I suspect that the most plausible answer is that the oath is more than simply a declaration of one’s intention to obey the law. As Helen Irving argues in her excellent recent book on the subject, the act of naturalisation and the oath accompanying it are meant to contain “‘a promise of belonging, identifying oneself with fellow adherents and their values, and ‘forcing potential enemies to expose themselves by refusing to swear’”. New citizens become ‘one of us’ because, in effect, they are already one of us. This rather harsh assimilationist narrative is tamed, by Lenard’s rejection of strict ideological, ethnic, or religious requirements, and this is in line with her arguments elsewhere in defense of a cultural conception of liberal national identity. Lenard is also correct that citizens can always contest the meaning of citizenship and national identity, including the content of the oath itself, such that allegiance does not entail conformity. But the trouble remains political, rather than cultural; even if they are dissenting, the oath of allegiance is, as I have argued elsewhere, meant to allow citizens to be assured that others are acting for the common good of our political community, and not in order to advance the interests of some other group.
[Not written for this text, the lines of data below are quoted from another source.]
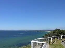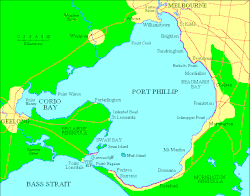 Port Phillip (Kulin: Narm-Narm[1]) or Port Phillip Bay is a horsehead-shaped enclosed bay on the central coast of southern Victoria, Australia. The bay opens into the Bass Strait via a short, narrow channel known as The Rip, and is completely surrounded by localities of Victoria's two largest cities — metropolitan Greater Melbourne in the bay's main eastern portion north of the Mornington Peninsula, and the city of Greater Geelong in the much smaller western portion (known as the Corio Bay) north of the Bellarine Peninsula. Geographically, the bay covers 1,930 km2 (750 mi2) and the shore stretches roughly 264 km (164 mi), with the volume of water around 25 km3 (6.0 cu mi). Most of the bay is navigable, although it is extremely shallow for its size — the deepest portion is only 24 m (79 ft) and half the bay is shallower than 8 m (26 ft). Its waters and coast are home to seals, whales, dolphins, corals and many kinds of seabirds and migratory waders.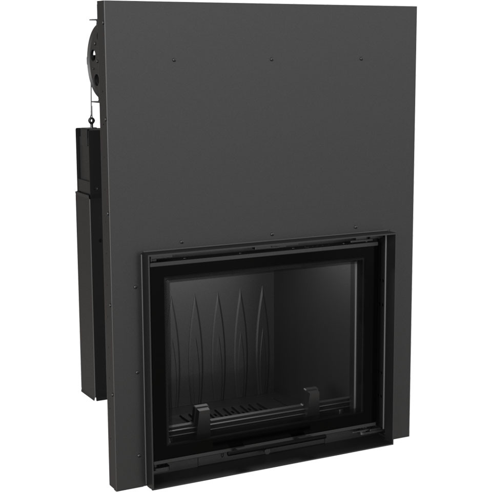 Чугунная каминная топка Kratki Felix/G (гильотина) с подъемной дверцей, декорированной стеклом, и трапециевидным основанием. Подъем двери легкий, практически без усилий. Угол открывания составляет 180°. Достигается это за счет противовеса, разгружающего вес двери. Модель имеет достаточно большую топочную камеру, в которую помещаются поленья длиной до 45 см. Дымосборник среднего размера, возвышается над топочной камерой. Его верхняя часть имеет плоскую форму.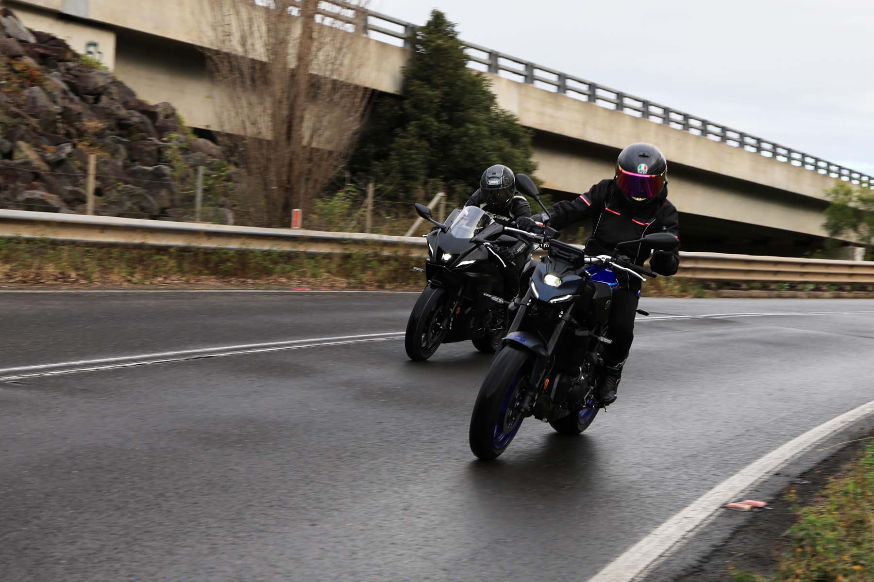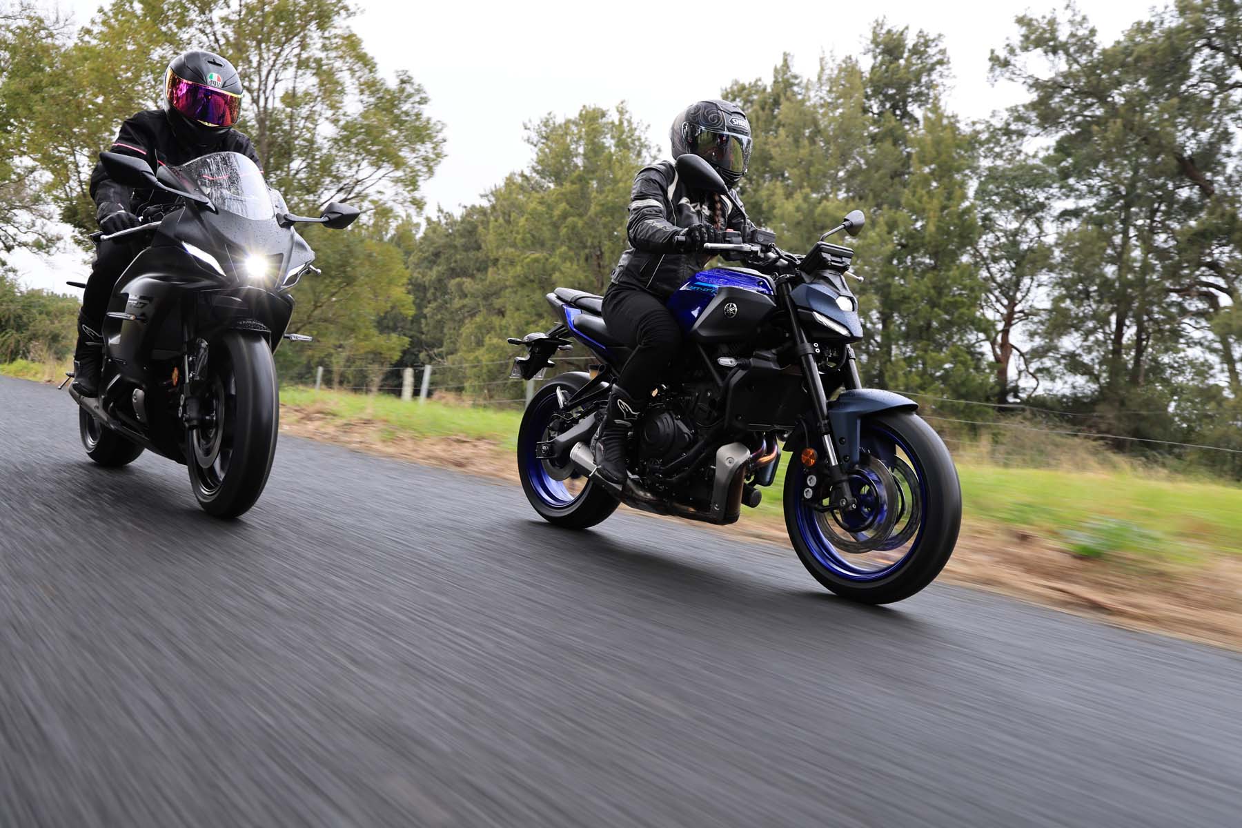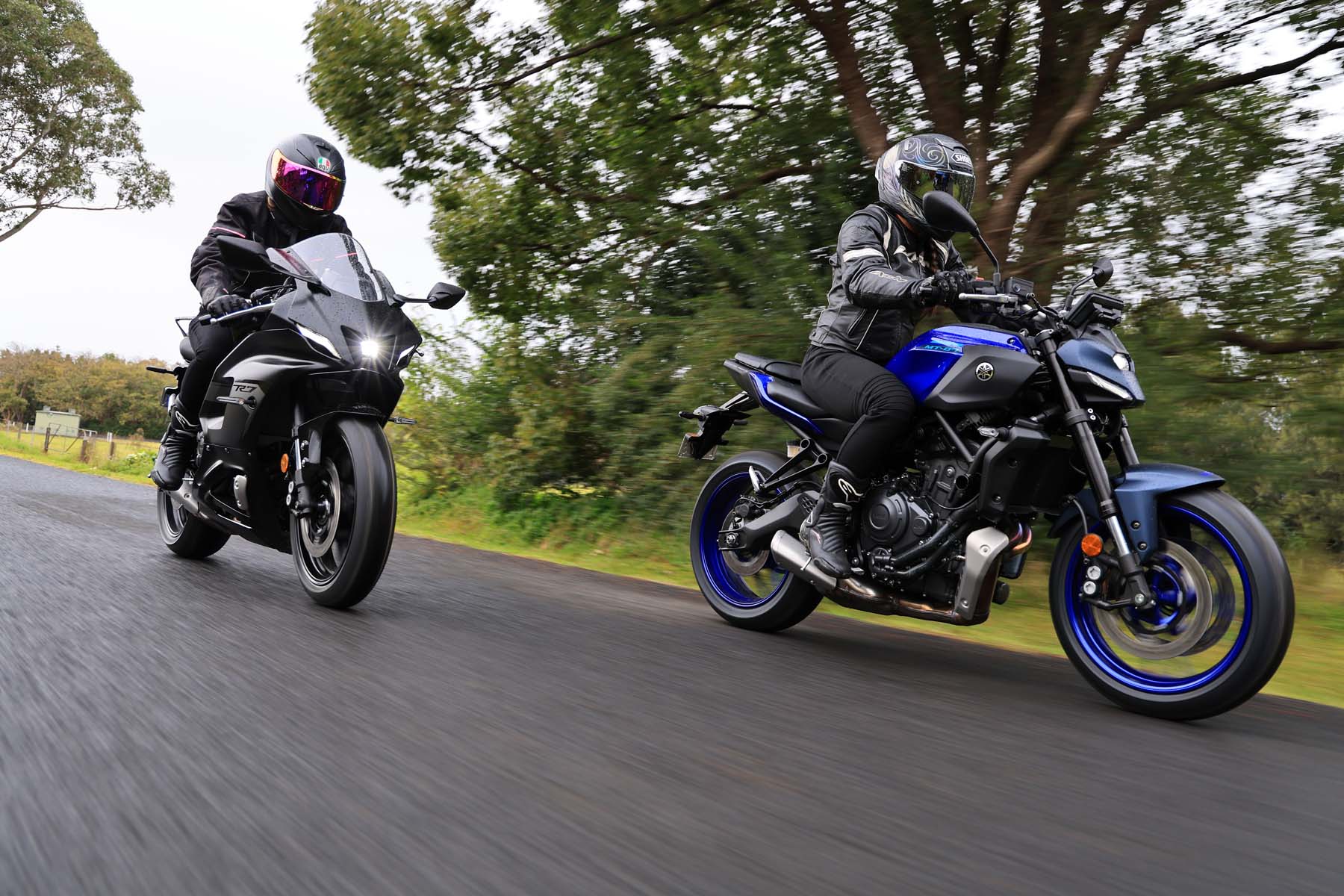 In contrast, Natasha, arrived at the meeting point riding a YZF-R7 Matt Black, captivated by its sporty intent, something she loved about here first motorcycle, a YZF-R3. "You’re so tucked in on the R7; it’s a much racier seating position," she explains. “The footpegs and seat are higher than the MT-07 providing a sporty forward-leaning stance to emphasise its racing heritage,” she adds, "It’s not uncomfortable, but you’re certainly slanted forward, and the fairing slices cleanly through the wind."
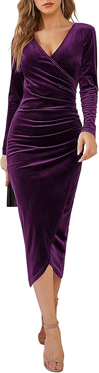 DIRASS Women's Elegant Velvet Long Sleeve Wrap V Neck Ruched Bodycon Cocktail Party Maxi Dress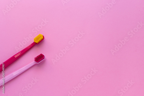 Dental hygiene - tooth brushes flat lay, top view, copy space, pink background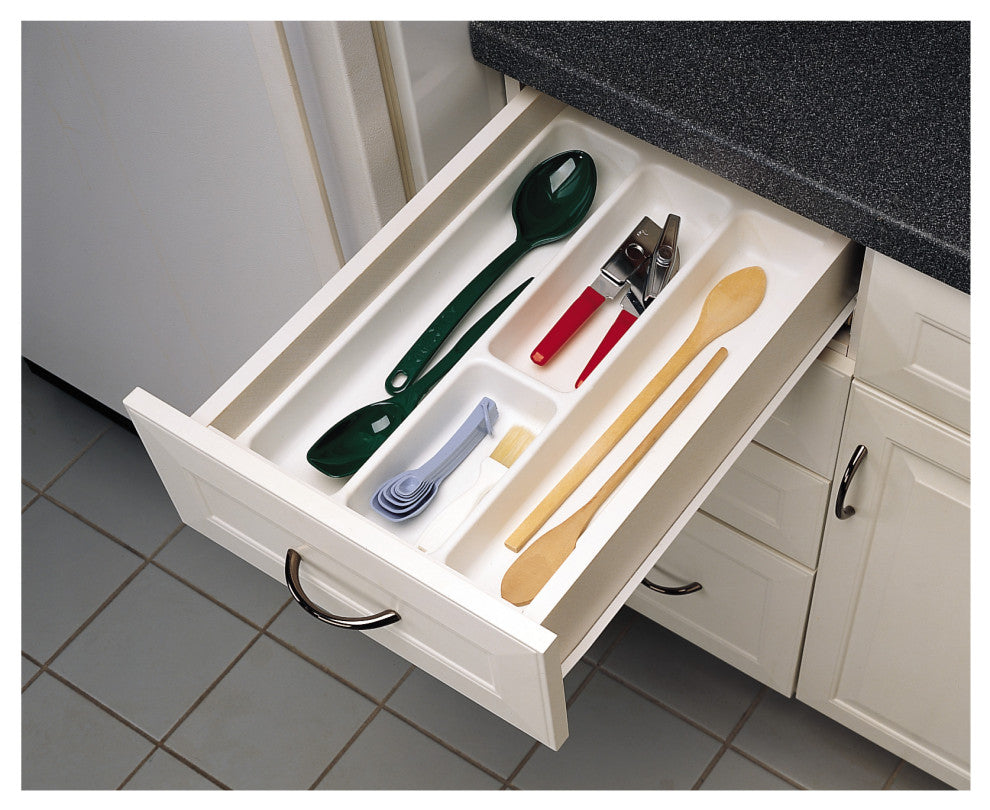 Rev-A-Shelf''s drawer inserts are the best if you are looking for a custom look. Why settle for a cutlery insert that just drops in your drawer and moves every time you open and close your drawer. Create a custom fit by trimming to your exact size. Available in multiple sizes, colors and finishes.-Included: (1) Glossy White utility tray insert-Trim to a custom fit using standard utility knife-Organize kitchen utensils-Trays come with protective film that must be removed after cutting to size-Features a glossy finish-Minimum trim size: 11-5/8" W x 17-3/4" D-Construction: Molded polymer designed for durability-Trays can be trimmed with a sturdy straight edge and utility knife. After trimming, insert trays into drawer. No screws needed.

I struggle to see how this end is served by a thin pledge to obey the law, without being supplemented with ‘thicker’ and more specific value-laden content, such as a commitment to a political identity or a normative ideal.

Lenard’s proposal, in summary, is either too hot or too cold. The kind of oath she defends is at odds with the reasons such an oath is viewed as necessary; and the kind of oath that aligns with these reasons would likely violate the liberal constraints she (in my view, justifiably) places on it.